Exact match query by label
ExamplePREFIX geonames: <http://www.geonames.org/ontology#> PREFIX owl: <http://www.w3.org/2002/07/owl#> PREFIX skos: <http://www.w3.org/2004/02/skos/core#> ... # Other prefixes left out. SELECT DISTINCT ?subject WHERE { { SELECT DISTINCT ?subject WHERE { { ?subject foaf:name "Gardens of the Moon"@en } UNION { ?subject dbpprop:fullname "Gardens of the Moon"@en } UNION { ?subject rdfs:label "Gardens of the Moon"@en } UNION { ?subject dbpprop:name "Gardens of the Moon"@en } UNION { ?subject dbpedia-owl:originalTitle "Gardens of the Moon"@en } } } ?subject rdf:type ?class }
Fulltext query by label
Example# Prefixes left out.
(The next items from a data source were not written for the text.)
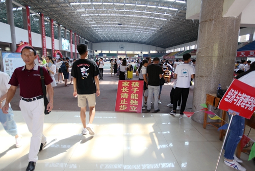 田径馆门外热闹非凡,场馆内更是人声鼎沸。早已做好充分准备的校迎新现场各部门和各二级学院的老师与同学热情地接待了每一位经历了舟车劳顿的新生们。
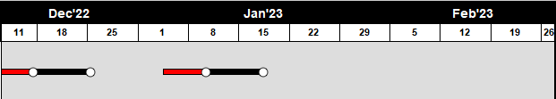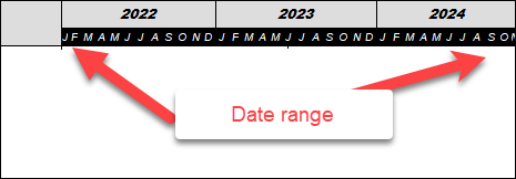 Refer to the project's starting date to determine the beginning date for the first entry's time span. That is, if the project start date is 1/1/2021 and the first date entry is 2/28/2021, then the first custom heading will span from 1/1 to 2/28.
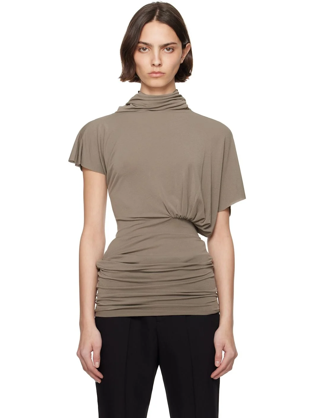 Stretch FSC®-certified viscose-blend jersey T-shirt. · Asymmetrical draped construction · Cowl neck · Gathering at side seam · Cutout at back collar Supplier color: Dust 78% viscose, 17% polyamide, 5% elastane. Made in Italy 251039F110031
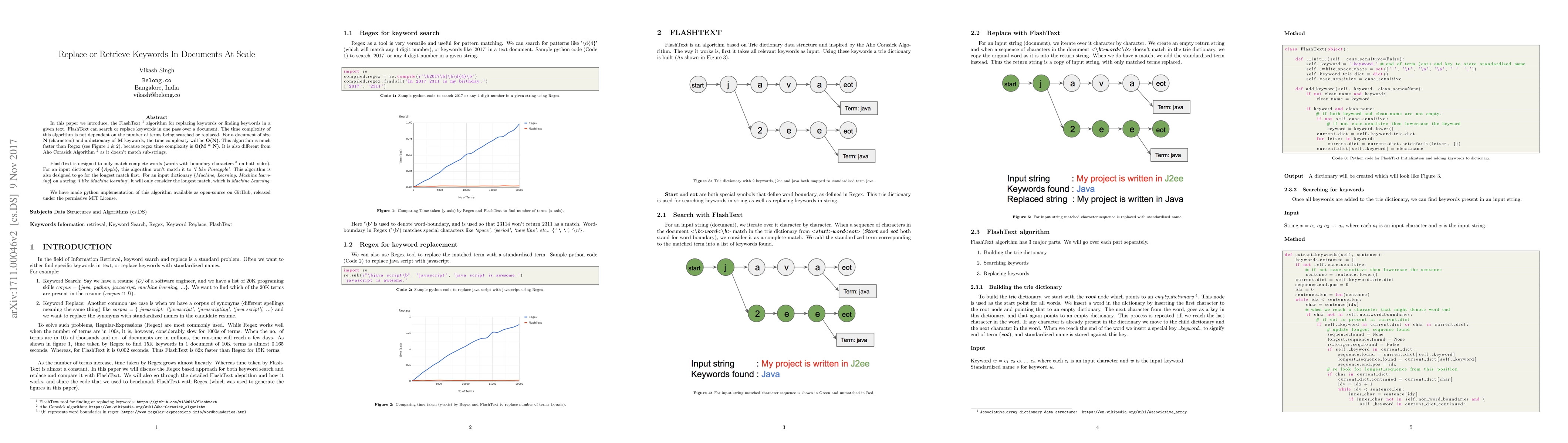 In this paper we introduce, the FlashText algorithm for replacing keywords or finding keywords in a given text. FlashText can search or replace keywords in one pass over a document. The time complexity of this algorithm is not dependent on the number of terms being searched or replaced. For a document of size N (characters) and a dictionary of M keywords, the time complexity will be O(N). This algorithm is much faster than Regex, because regex time complexity is O(MxN). It is also different from Aho Corasick Algorithm, as it doesn't match substrings. FlashText is designed to only match complete words (words with boundary characters on both sides). For an input dictionary of {Apple}, this algorithm won't match it to 'I like Pineapple'. This algorithm is also designed to go for the longest match first. For an input dictionary {Machine, Learning, Machine learning} on a string 'I like Machine learning', it will only consider the longest match, which is Machine Learning. We have made python implementation of this algorithm available as open-source on GitHub, released under the permissive MIT License.

SELECT DISTINCT ?subject ?object WHERE { { SELECT DISTINCT ?subject ?object WHERE { { ?subject foaf:name ?object . ?object <bif:contains> "\"Gardens\" AND \"of\" AND \"the\" AND \"Moon\"" } UNION { ?subject dbpprop:fullname ?object . ?object <bif:contains> "\"Gardens\" AND \"of\" AND \"the\" AND \"Moon\"" } UNION { ?subject rdfs:label ?object . ?object <bif:contains> "\"Gardens\" AND \"of\" AND \"the\" AND \"Moon\"" } UNION { ?subject dbpprop:name ?object . ?object <bif:contains> "\"Gardens\" AND \"of\" AND \"the\" AND \"Moon\"" } UNION { ?subject dbpedia-owl:originalTitle ?object . ?object <bif:contains> "\"Gardens\" AND \"of\" AND \"the\" AND \"Moon\"" } } } ?subject rdf:type ?class }
Query attributes for every result
Example# Prefixes left out. SELECT DISTINCT ?predicate ?object WHERE { dbpedia:Gardens_of_the_Moon ?predicate ?object }
Query label for every attribute
Example# Prefixes left out. SELECT DISTINCT ?object WHERE { { dbpedia-owl:Book foaf:name ?object } UNION { dbpedia-owl:Book dbpprop:fullname ?object } UNION { dbpedia-owl:Book rdfs:label ?object } UNION { dbpedia-owl:Book dbpprop:name ?object } UNION { dbpedia-owl:Book dbpedia-owl:originalTitle ?object } }
Websearch Module
Provides functionality for searching concepts of the web. Used for scoring results. Formerly implemented using Bing Web Search API, now renamed to Microsoft Cognitive Services.